Italy’s Credit Rating Gets Downgraded

More concern for eurozone governments as Moody’s downgrade Italy’s credit rating by three notches. It was expected, says Silvio Berlusconi.

Moody’s Corporation has slashed Italy’s credit rating from Aa2 to A2. The agency announced the three-notch reduction on Tuesday night and raised further concerns over the country’s growth outlook.

The decision, which came after the US stopped trading, serves a warning to other eurozone governments whose borrowing costs have also risen in the past year.

Moody’s has blamed the downgrade on “the fragile market sentiment” and a loss of confidence in eurozone government debts.

It said: “Although future policy actions within the euro area could reduce investors’ concerns and stabilise funding markets, the opposite is also increasingly popular.”

Italian Prime Minister Silvio Berlusconi maintained he was expecting the downgrade and said that the government was “working with maximum commitment to achieve its budget objective”.

He also added that a plan to balance the government’s budget by 2013 had been approved by the European Commission.

According to reports, Rome’s current borrowing needs remain low, as does its private sector debt levels; nonetheless, Moody’s downgrade has cast a shadow over the country’s growth outlook.

Speaking to The Fresh Outlook, Professor Patrick Minford from the Cardiff Business School explained that Italy’s GDP ratio and problems arising in the banks had a huge impact on Moody’s decision.

“The worry is that their banks may be in trouble because of Greek and Portuguese debts,” said Professor Minford.

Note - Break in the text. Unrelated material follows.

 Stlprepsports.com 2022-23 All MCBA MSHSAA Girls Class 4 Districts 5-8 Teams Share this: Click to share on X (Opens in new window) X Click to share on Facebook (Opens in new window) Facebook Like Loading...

He added that Italy’s “debt to the GDP ratio” stands at “well over 100%”.

When asked what the Italian government can do to combat the downgrade, Profesor Minford said it was all down to risk.

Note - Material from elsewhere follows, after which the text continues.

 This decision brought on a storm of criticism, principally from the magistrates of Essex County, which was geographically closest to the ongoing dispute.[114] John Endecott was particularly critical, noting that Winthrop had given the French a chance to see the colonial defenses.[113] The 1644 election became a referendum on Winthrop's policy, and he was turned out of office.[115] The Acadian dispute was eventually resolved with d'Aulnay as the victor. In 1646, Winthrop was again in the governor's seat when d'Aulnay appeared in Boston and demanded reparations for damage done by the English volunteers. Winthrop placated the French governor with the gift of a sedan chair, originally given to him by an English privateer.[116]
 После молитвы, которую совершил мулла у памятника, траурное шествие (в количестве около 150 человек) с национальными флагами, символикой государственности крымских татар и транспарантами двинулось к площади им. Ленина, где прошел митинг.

“The thing is, it’s all about risk,” he said, “and nobody knows what’s going to happen in the world. It’s more a problem of the unknown. Obviously Italy can do a bit about the deficit it’s got and reduce it…but what it can’t very easily do is control how badly the Italy banks are hit by Greek default.”

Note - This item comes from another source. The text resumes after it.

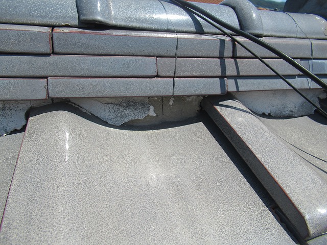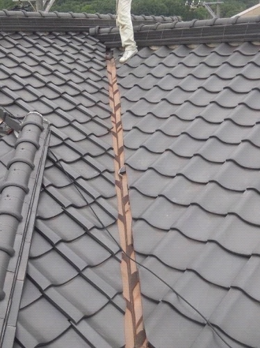 現状の写真です。 棟の部分に本来なら銅線などで緊結しているのですが、経年劣化のためちぎれて無くなっております。3段積んでいるのし瓦もずれてきていました。 屋根には勾配があり常に下向きに力がかかっています。瓦の下には屋根土がありその土と瓦がくっ ...続きを読む2022/12/24 大阪市鶴見区 玄関入り口の御影石に滑り止めクリアグリップの工事をしました。

Analysts believe that a downgrade of the banks’ credit rating will soon follow today’s announcement.

Elsewhere, Greece has experienced another 24-hour general strike, in which 16,000 people protested in central Athens.

The strikers are protesting recent austerity cuts that promise to reduce the Greek deficit by 8.5%. The measures, which include an emergency property tax and the suspension of the 30,000 public sector workers, have been hugely criticised throughout the country and brought thousands to the picket line on Tuesday.

Speaking to Reuters, a spokesman for Greece’s main union, GSEE, said: “With this strike, the government, the EU and the IMF will be forced to reconsider these disastrous policies.”